Seth Herd comments on “AI Alignment” is a Dangerously Overloaded Term

Seth Herd 15 Dec 2023 18:46 UTC
4 points
−2
I believe you’re correct that this distinction is useful. I believe the terms inner and outer alignment are already typically used in exactly the way you describe aimability and goalcraft.
These may have changed from the original intended meanings, and there are fuzzy boundaries between inner and outer alignment failures. But I believe they do the work you’re calling for, and are already commonly used.
First sentence of the tag inner alignment:
Inner alignment asks the question: How can we robustly aim our AI optimizers at any objective function at all?
It goes on to discuss several mesa-optimization, one failure focused on in the original introduction of the term inner alignment, and several other modes of possible inner alignment failure.
First sentence of the tag outer alignment:
Outer alignment asks the question—“What should we aim our model at?”

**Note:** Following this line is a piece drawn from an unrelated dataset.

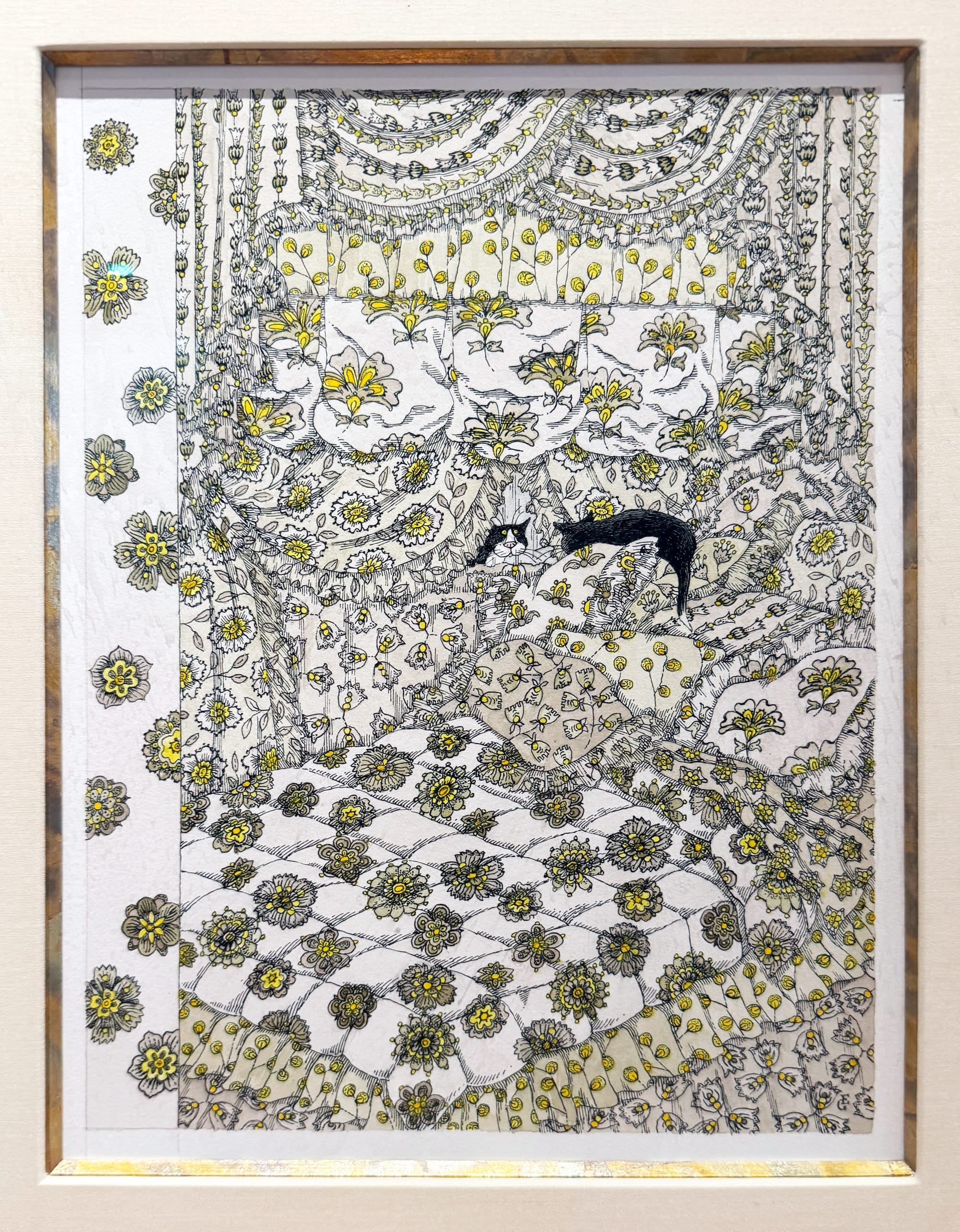 Still, his idiosyncratic visions sometimes shine through even these workaday creations. His illustrations of English-French poet Hilaire Belloc’s Cautionary Tales for Children (1907) — his half-century predecessor and clear influence — blend seamlessly with his own obsessions. Other drawings, like those for A Clutch of Vampires (Raymond T. McNally, 1974), share his atmosphere of gleeful morbidity. (Gorey won a Tony award for his stage design of the 1977 Broadway play Dracula). His New Yorker cover of two cats luxuriating amid a magnificent botanically patterned bed, submitted in 1992 and published posthumously in 2018, showcases both his ailurophilia and his inventive pen-and-ink maximalism. But all in all, we aren’t in the same uncompromisingly eerie movie as that doomed little boy crawling into the abyss. A rich eclecticism prevails here, but it doesn’t feel like his freak flag is flying at full mast.

- Roko 15 Dec 2023 19:50 UTC
  4 points
  2
  Parent
  
  I believe the terms inner and outer alignment are already typically used in exactly the way you describe Aimability and Goalcraft.
  
  outer alignment as a problem is intuitive enough to understand, i.e., is the specified loss function aligned with the intended goal of its designers?
  
  Outer alignment deals with the problem of matching a formally specified goal function in a computer with an intent in the designer’s mind, but this is not really Goalcrafting which asks what the goal should be.
  
  E.g. Specification gaming is part of outer alignment, but not part of Goalcrafting.
  
  I would classify inner and outer alignment as subcategories of Aimability.
  - Seth Herd 16 Dec 2023 22:50 UTC
    2 points
    0
    Parent
    I see that you’re correct. Thanks for the clarification. I’m embarrassed that I’ve been using it wrong.
    
    Now I have no idea where the line between outer and inner alignment falls. It looks like a common point of disagreement. So I’m not sure outer and inner alignment are very useful terms.
- RogerDearnaley 18 Dec 2023 11:24 UTC
  1 point
  0
  Parent
  Outer alignment is (if you read a couple more sentences of the definition) not about “how to decide what we want”, but “how do we ensure that the reward/utility function we write down matches what we want”. So “Do What We Mean” is a magical-solution to the Outer Alignment problem, but if your AI then tells you “You-all don’t know what you mean” or “Which definition of ‘we’ did you mean?”, then you have a goalcraft problem.